Primary vs secondary disease

It is important to confirm whether the tumour:

  • Originated in the breast (primary), or
  • Spread to the breast from another organ (secondary metastasis)

This distinction significantly impacts treatment decisions.

Types and classification

Breast neuroendocrine cancers are classified based on how the tumour cells look and behave.

Well-differentiated neuroendocrine tumours

  • Closely resemble normal cells
  • Usually slow-growing
  • Often have a better prognosis

Poorly differentiated neuroendocrine carcinomas

  • Include small cell and large cell types
  • Grow rapidly and behave aggressively
  • Require more intensive treatment

Invasive breast cancers with neuroendocrine features

Some standard breast cancers show partial neuroendocrine differentiation. These are treated more like typical breast cancers but still require careful evaluation.

Symptoms of breast neuroendocrine cancer

Symptoms are usually the same as other types of breast cancer.

Common signs include:

  • A new lump or thickening in the breast or underarm
  • Changes in breast size or shape
  • Skin dimpling or puckering
  • Nipple changes such as inversion or discharge

Less commonly, if the tumour produces hormones, symptoms may include:

  • Flushing
  • Diarrhoea

However, hormone-related symptoms are rare in breast neuroendocrine cancer compared to other neuroendocrine tumours.

How breast neuroendocrine cancer is diagnosed

Diagnosis involves a combination of imaging, biopsy, and specialised testing.

Imaging tests

Initial investigations may include:

  • Mammogram
  • Ultrasound
  • MRI

These help identify suspicious areas but cannot confirm the subtype.

Biopsy and histopathology

A tissue biopsy is essential. Under the microscope, specialists assess:

  • Cell structure (differentiation)
  • Growth rate (grade)

Immunohistochemistry

This is the key step for confirming neuroendocrine cancer. Tumour cells are tested for:

  • Chromogranin A
  • Synaptophysin

If a significant proportion of cells express these markers, a neuroendocrine diagnosis is made.
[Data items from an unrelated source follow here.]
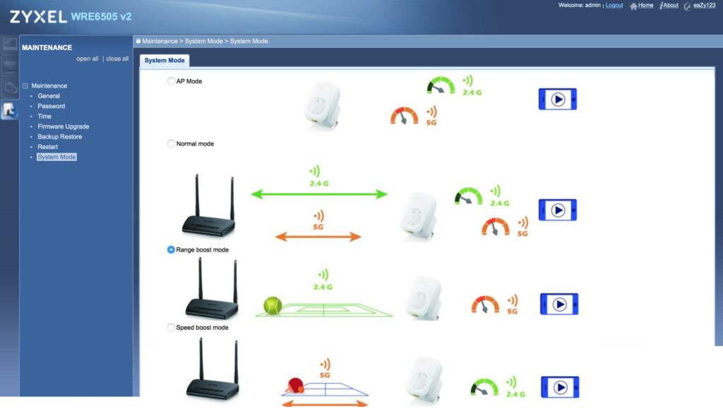 – Speed boost mode สำหรับเน้นการรับส่งข้อมูลที่รวดเร็ว โดยจะใช้สัญญาณ 5GHz เพื่อความรวดเร็วในการรับส่งข้อมูลระหว่างเครือข่ายในบ้านกับตัว Zyxel WRE6505 V2 แล้วจึงใช้สัญญาณ 2.4GHz ในการเชื่อมต่อกับอุปกรณ์ต่างๆ
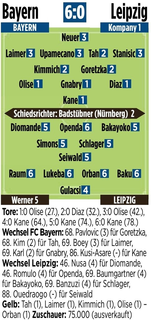 8月23日讯 德甲首轮比赛,拜仁主场6-0击败莱比锡,《图片报》对两队球员和教练进行了评分,凯恩、迪亚斯、格纳布里、奥利塞1分最高。
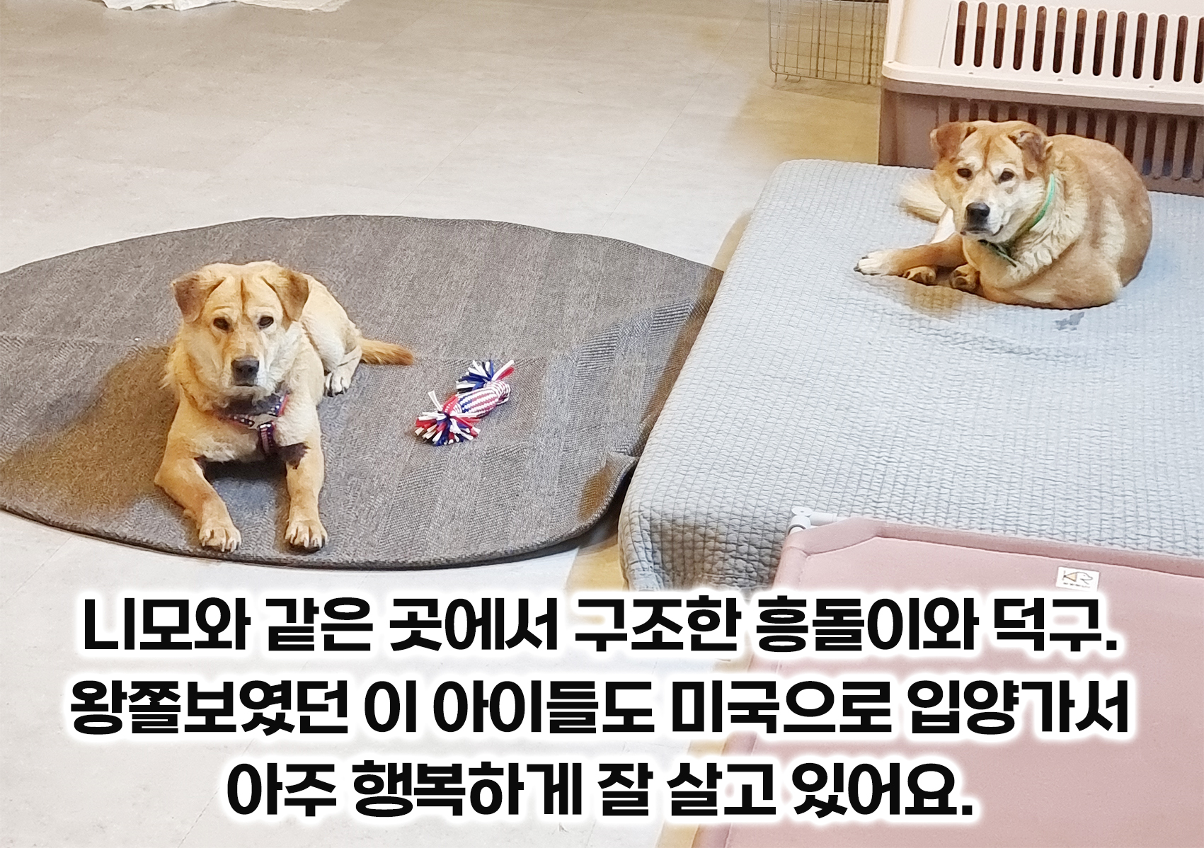 우리 니모는 운좋게 해외이동봉사자가 있었다. 샌프란시스코에 사는 교민으로 한국에 들어오실 때마다 이동봉사를 하시는 분이다. 니모와 다른 아이까지 대형견 2마리와 함께 나가신 그 분 덕분에 우리 니모는 끔찍한 기억을 뒤로하고 새출발을 할 수 있었다.

Additional imaging for NET features

In some cases, further scans may be used:

  • PET scans
  • Somatostatin receptor imaging (e.g. DOTATATE PET)

These help determine if NET-specific treatments may be appropriate.

Treatment options for breast neuroendocrine cancer

Treatment is tailored to the individual and depends on:

  • Tumour size and location
  • Grade and stage
  • Hormone receptor status
  • Whether the cancer has spread

Surgery

Surgery is the primary treatment for early-stage disease and may include:

  • Breast-conserving surgery (lumpectomy)
  • Mastectomy

Lymph nodes may also be assessed or removed.

Hormone therapy

Because most tumours are hormone receptor-positive, endocrine therapy is commonly used:

  • Tamoxifen
  • Aromatase inhibitors

These help reduce the risk of recurrence.

Chemotherapy

Chemotherapy may be recommended for:

  • High-grade tumours
  • Aggressive subtypes such as small cell carcinoma
  • Advanced or metastatic disease

Some regimens may include platinum-based drugs, particularly for poorly differentiated cancers.

Radiotherapy

Radiotherapy is often used after surgery to reduce recurrence risk, following standard breast cancer protocols.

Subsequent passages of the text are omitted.